Leurs expériences consistaient à capturer 16 grives à ailes rouges dans la nature et à leur offrir des abdomens de papillons, en enregistrant leur réaction. Seuls les abdomens étaient proposés afin que l'oiseau ne puisse pas distinguer les espèces par des changements subtils de couleur ou de morphologie des ailes. Chaque oiseau recevait 8 abdomens de viceroy, 8 de monarch et 8 de queen, dispersés au hasard entre 24 abdomens de contrôle appétents. Le pourcentage de chaque type d'abdomen consommé a été enregistré, ainsi que le temps moyen de manipulation et un score moyen de réponse. Le score de réponse était essentiellement une échelle arbitraire allant de l'oiseau ignorant l'abdomen (0), en passant par une piqûre unique (1), partiellement mangé (2) jusqu'à complètement mangé (3). Les résultats étaient les suivants :

98 % des abdomens témoins ont été consommés par les oiseaux, 68 % de la reine, 41 % du viceroy et 46 % du monarque. Les scores du monarque et du viceroy ne différaient pas de manière significative ; les deux autres classes, en revanche, oui.

Le temps moyen de manipulation pour les abdomens du groupe témoin était de 5,3 secondes. Pour les autres espèces, il était : reine = 17,5 s, mimétique = 23,5 s et monarque = 31,3 s. Le monarque et le mimétique n'étaient à nouveau pas significativement différents. De plus, le mimétique n'était pas significativement différent de la reine. Le monarque et les reines différaient, en revanche, de manière significative.

Finalement, le score moyen de réponse pour les témoins était de 2,98. La reine, le viceroy et les monarques ont obtenu respectivement 2,50, 1,98 et 2,10. Dans ce cas, le viceroy et le monarque étaient les seules deux classes qui ne différaient pas de manière significative.

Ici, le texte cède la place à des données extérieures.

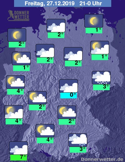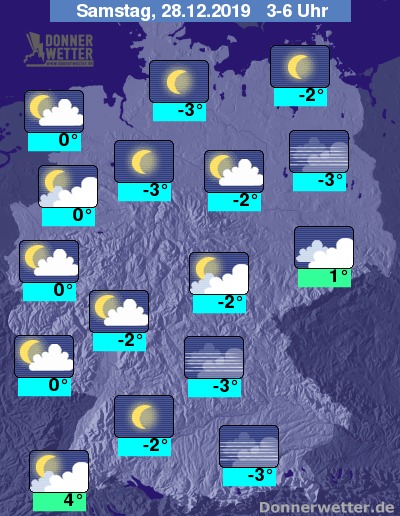 Bis zu den Frühstunden kühlt die Luft meist in den Frostbereich von -4 bis 0 Grad ab. Dabei besteht die Gefahr durch überfrierende Nässe oder Reifglätte. Nur in Teilen von Sachsen, sowie im Breisgau bleiben die Temperaturen eher im positiven Bereich zwischen 0 und 4 Grad.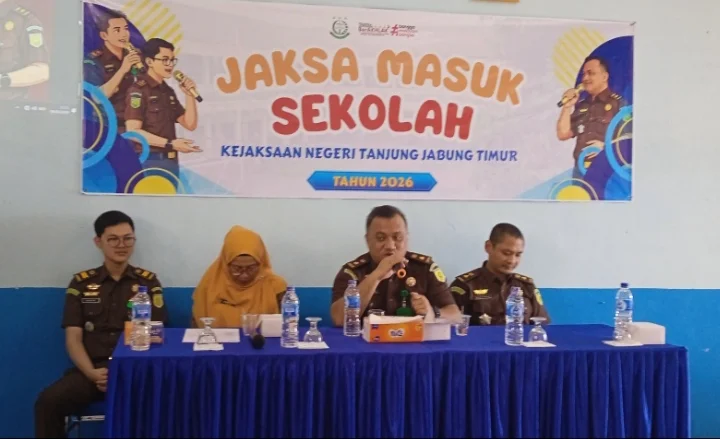 TarunaKota, Muara Sabak, 9 Februari 2026 – Kejaksaan Negeri Tanjung Jabung Timur (Kejari Tanjabtim) terus memperkuat komitmennya dalam mencetak generasi muda yang sadar hukum. Melalui program unggulan “Jaksa Masuk Sekolah” (JMS), korps Adhyaksa ini turun langsung ke tengah pelajar untuk memberikan edukasi mengenai pencegahan kekerasan di lingkungan pendidikan.

Ainsi, les trois espèces étaient nettement moins appétentes que les témoins. Et, sur deux des trois mesures, les vicerois et les monarques étaient (en tant que groupe) moins appétents que la reine. Cela montre que l'exemple classique de la mimétisme batesien est en réalité un cas de mimétisme mullérien. Cela infirme également l'idée de Ted selon laquelle, une fois que la science a fait son œuvre, elle ne peut plus être démentie.

Il s'agit de mon genre de papier scientifique préféré, celui dans lequel une croyance largement répandue est démontrée comme étant tout simplement fausse.

Référence

Ritland et Brower, 1991, Le papillon viceroy n'est pas un mimétique batesien, Nature 350 : 497-498

Post-scriptum :

Le mimétisme batesien et mullérien impliquent des interactions interspécifiques. Le mimétisme batesien intraspécifique (au sein d'une espèce) a également été documenté. Les monarques obtiennent leurs toxines en séquestrant des glycosides cardiaques de leur plante hôte, l'asclépiade. Dans de grands vols (?) de monarques, beaucoup n'ont pas dépensé l'énergie nécessaire pour séquestrer ces glycosides ; ils profitent d'un « voyage gratuit ». Ces monarques peuvent alors investir plus d'énergie dans l'élevage de leur progéniture que les monarques qui « jouent juste » et dépensent de l'énergie pour abriter les poisons.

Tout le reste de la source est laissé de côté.